How to complete this task -
Omit every picture and write out the rest of the records exactly.

::: Information given

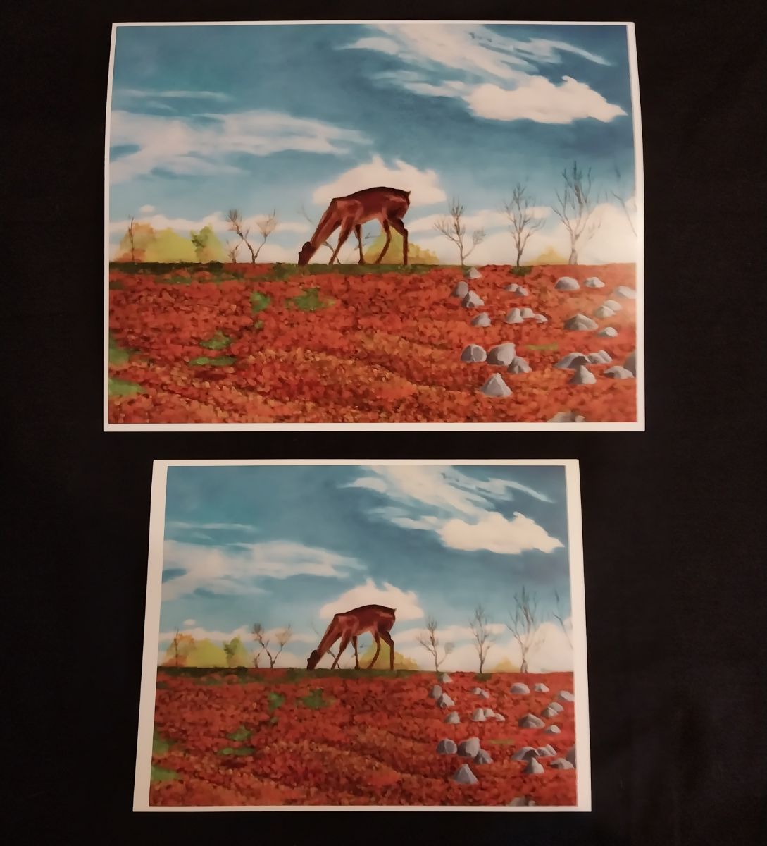 While walking in the Cleveland Metroparks with my girlfriend, we spotted this beautiful dear on the hill side. I quickly snapped off a picture in the hopes that I would paint it someday. To my surprise, I did. I hoped to capture this serene moment in time to share with others.
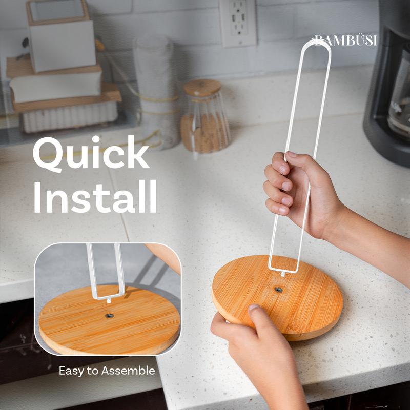 Stylish & Durable Design: This paper towel holder has a sleek black rod and a natural bamboo color base, giving the wood paper towel holder a modern, minimalist look. It's built to last and is perfect for any kitchen or office.
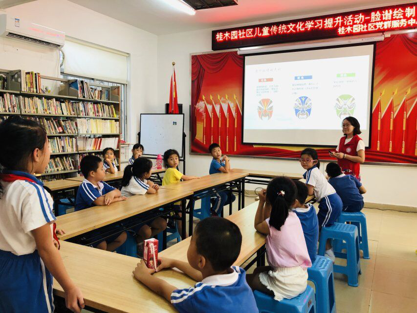 “那一天爷爷领我去把京戏看,看见那舞台上面好多大花脸,红白黄绿蓝咧嘴又瞪眼......”2019年10月11日下午随着这首《说唱脸谱》的旋律,20位孩子在桂木园社区儿童传统文化学习提升-脸谱绘制活动中开启了走近国粹京剧、了解京剧脸谱之旅。本次活动是由桂木园社区党委支持下,由桂木园社区党群服务中心开展。
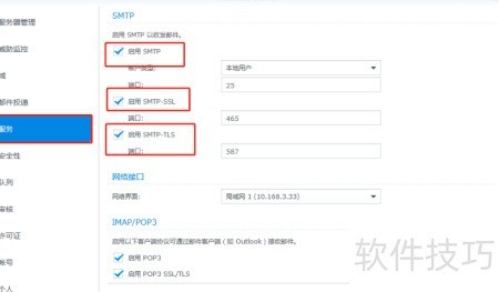 开启并激活你的电子邮件服务器(如:SMTP, SMTP-SSL 和 SMTP-TLS),接着在你的路由器上为这些服务设定相应的端口,比如:和 由于不同品牌的路由器配置方法各不相同,所以强烈建议你查阅相关的教程以完成设置,确保邮件服务可以顺畅运行。
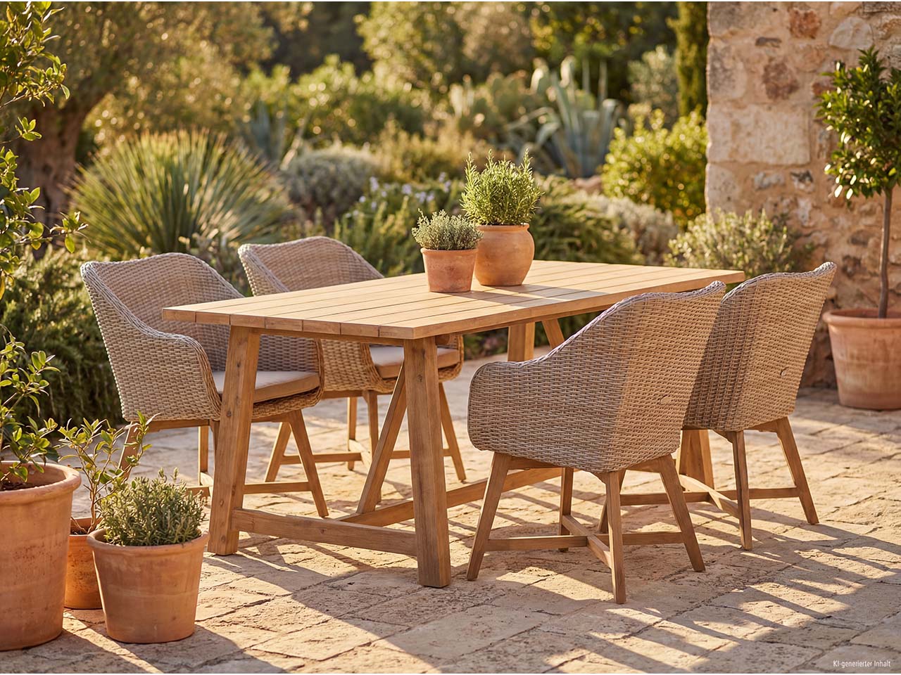 Natürliche Schönheit und perfekt aufeinander abgestimmte Komponenten zeichnen dieses Gartenmöbel-Set aus. Tisch und Stuhlbeine bestehen zu 100 % aus FSC-zertifiziertem Akazienholz. Die Stühle haben ein strapazierfähiges, pflegeleichtes Kunststoffgeflecht und sind mit einer weichen Sitzauflage versehen. Die Tischgruppe bietet viel Platz für gemütliches Zusammensitzen im Garten oder auf der Terrasse.
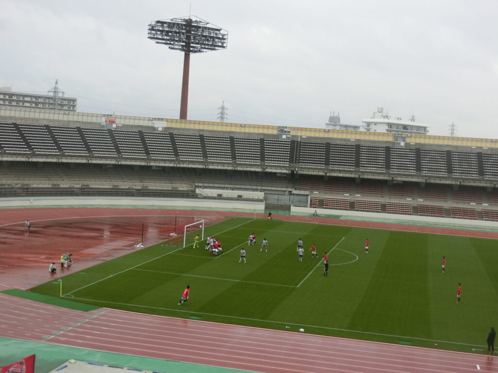 あと・・・昨年も感じていたものの、サッカー観戦のブランクが空いた5年ほどで視力が落ちたなと・・・今日は、スタンドの最上段くらいから観戦したのですが、選手の背番号がギリギリわかるくらいでした(メガネのレンズを変えようと割と本気で思ったり。)
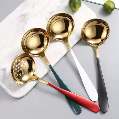 Japanese-style 304 stainless steel spoon household long handle large soup thickened small hot pot dish spoon Porridge Hot pot colander

::::::

Response area -
 While walking in the Cleveland Metroparks with my girlfriend, we spotted this beautiful dear on the hill side. I quickly snapped off a picture in the hopes that I would paint it someday. To my surprise, I did. I hoped to capture this serene moment in time to share with others.
 Stylish & Durable Design: This paper towel holder has a sleek black rod and a natural bamboo color base, giving the wood paper towel holder a modern, minimalist look. It's built to last and is perfect for any kitchen or office.
 “那一天爷爷领我去把京戏看,看见那舞台上面好多大花脸,红白黄绿蓝咧嘴又瞪眼......”2019年10月11日下午随着这首《说唱脸谱》的旋律,20位孩子在桂木园社区儿童传统文化学习提升-脸谱绘制活动中开启了走近国粹京剧、了解京剧脸谱之旅。本次活动是由桂木园社区党委支持下,由桂木园社区党群服务中心开展。
 开启并激活你的电子邮件服务器(如:SMTP, SMTP-SSL 和 SMTP-TLS),接着在你的路由器上为这些服务设定相应的端口,比如:和 由于不同品牌的路由器配置方法各不相同,所以强烈建议你查阅相关的教程以完成设置,确保邮件服务可以顺畅运行。
 Natürliche Schönheit und perfekt aufeinander abgestimmte Komponenten zeichnen dieses Gartenmöbel-Set aus. Tisch und Stuhlbeine bestehen zu 100 % aus FSC-zertifiziertem Akazienholz. Die Stühle haben ein strapazierfähiges, pflegeleichtes Kunststoffgeflecht und sind mit einer weichen Sitzauflage versehen. Die Tischgruppe bietet viel Platz für gemütliches Zusammensitzen im Garten oder auf der Terrasse.
 あと・・・昨年も感じていたものの、サッカー観戦のブランクが空いた5年ほどで視力が落ちたなと・・・今日は、スタンドの最上段くらいから観戦したのですが、選手の背番号がギリギリわかるくらいでした(メガネのレンズを変えようと割と本気で思ったり。)
 Japanese-style 304 stainless steel spoon household long handle large soup thickened small hot pot dish spoon Porridge Hot pot colander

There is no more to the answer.